Rafraîchissez le milieu tous les deux à trois jours et analysez les organoïdes le septième jour pour déterminer la réponse pharmacologique au médicament en effectuant un test de viabilité cellulaire tel que décrit dans le manuscrit. Pour plaquer les fragments organoïdes sans trypsinisation, utilisez une pipette Pten00 pour aspirer le milieu et la pipette de haut en bas pour perturber la matrice membranaire du sous-sol. Lorsque la matrice est complètement perturbée, transférer la suspension dans un tube conique de 15 millilitres et une centrifugeuse à 300 fois g pendant cinq minutes.
Aspirer le supernatant et ajouter cinq millilitres de PBS. Après le lavage, resuspendez les organoïdes en un millilitre de PBS et perturbez les organoïdes par trituration avec une pipette pasteur en verre. Quantifier le nombre de fragments organoïdes et de graines cinq répliques avec 100 fragments comme décrit précédemment.

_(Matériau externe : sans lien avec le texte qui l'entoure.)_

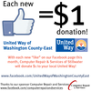 This month only, if you "like" our Facebook page, a $1 donation will be made to your local United Way of Washington County-East! Our Facebook page will keep you up to date with the activities happening at UWWCE, and help you find ways to get involved in our community. https://www.facebook.com/UnitedWayofWashingtonCountyEast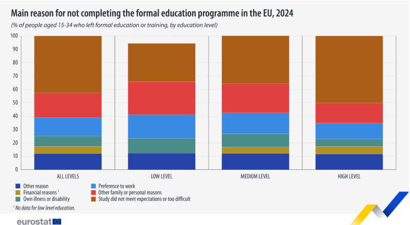 Datele Eurostat arată că motivele abandonului variază și în funcție de nivelul de educație.

Sept jours plus tard, effectuer un test de viabilité cellulaire selon les instructions manuscrites. Les cellules basales de prostate de type sauvage ont démontré la formation organoïde supérieure comparée aux cellules luminales. Une augmentation mineure de la formation organoïde a été réalisée avec crispr-Cas9-2000 perte de Pten ou P53 et la perte des deux capacités de formation accrues.
Les effets des molécules anti androgènes sur la croissance ont été testés chez des organoïdes murins avec différents génotypes. La perte de P53 n’a pas causé de résistance aux molécules anti androgènes, mais la perte de Pten a augmenté la résistance. La double perte de P53 et de Pten, cependant, a eu comme conséquence la résistance complète.
L’inhibition des récepteurs androgènes a également modifié les phénotypes. Les organoïdes supprimés de type sauvage Pten et P53 ont démontré la diminution de la taille organoïde de lumen tandis que les organoïdes avec la perte de Pten et de P53 étaient phénotypiquement inchangés. Comme prévu, lorsque ces cellules ont été greffées sous-cutanée dans le flanc, seuls les organoïdes Pten et P53 doublement supprimés ont grandi.
Deux organoïdes distincts de cancer de la prostate humains MSKPCA2 et MSKPCA3 ont été examinés pour leur réponse aux molécules anti-androgènes. La prolifération des organoïdes MSKPCA2 a été fortement inhibée tandis que les organoïdes MSKPCA3 sont restés inchangés. MSKPCA2 a exprimé des niveaux élevés de récepteurs androgènes et FKBP5 ainsi que des protéines luminales caractéristiques.
MSKPCA3 a également exprimé des marqueurs basaux et mésenchymaux et n’a montré aucune expression de FKBP5 suggérant que ces organoïdes modélisent un phénotype non-luminal androgène-indépendant. Les organoïdes doivent être perturbés périodiquement soit par trypsinisation, soit par trituration avec une pipette en verre afin de rester viables. La fréquence dépend de l’origine et du génotype des espèces.
N’importe quel type d’expérience de séquençage ou de protéomique de prochaine génération peut être effectué selon les procédures décrites. Ces expériences étudieraient la base moléculaire des phénotypes et des réponses pharmacologiques. Cette technique tridimensionnelle de culture organoïde permet aux chercheurs d’étudier in vitro les réponses pharmacologiques dans un contexte génétique hautement contrôlé.
Cela peut être une alternative fiable à de longues études in vivo.